So, when we think about rating and reputation systems, the first question to ask is not, “Am I using stars, bananas, or chili peppers?” but, “what risk is being managed?”

What Is Risk?

We desire certainty in our transactions. It’s just our nature. We want to know that the person we’re dealing with on eBay won’t cheat us. Or that Blues Brothers 2000 is a bad movie (1 star on Netflix). So risk, most simply (and broadly), arises when a transaction has a number of possible outcomes, some of which are undesirable, but the precise outcome cannot be determined in advance.

Where Does Risk Come From?

There are two main sources of risk that are important for rating and reputation systems: asymmetric information and uncertainty.

Asymmetric information arises when one party to a transaction can not completely determine in advance the characteristics of the other party, and this information cannot credibly be communicated. The main question here is: can I, the buyer, trust you, the seller, to honestly complete the transaction we’re going to engage in? That means: will you take my money and run? Did you describe what you’re selling accurately? And so on.

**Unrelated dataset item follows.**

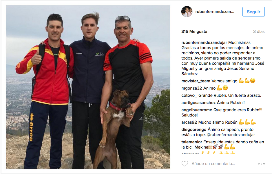 Rubén Fernández (Movistar) sigue en transición de llevar una vida absolutamente normal. Para ello aún le quedan tres semanas. El tiempo que los médicos le han recetado para recuperarse plenamente de su fractura de mandíbula tras caerse de su bicicleta el pasado 8 de noviembre cuando entrenaba en solitario después de salir de la convalecencia de su clavícula rota en la pasada Milán-Turín en la misma caída que le causó la misma lesión al también renacido Adriano Malori. Una ráfaga de viento, habituales en la periferia de Murcia, le hizo literalmente volar y dar violentamente con su barbilla en el asfalto que se rompió en tres pedazos.

This unequal distribution of information between buyers and sellers is a characteristic of most transactions, even in transactions where fraud is not a concern. Online transactions make asymmetric information problems worse. No longer can we look the seller in the eye and make a judgment about their honesty. Nor can we physically inspect what we’re buying and get a feel of its quality. We need other ways to manage our risk generated by asymmetric information.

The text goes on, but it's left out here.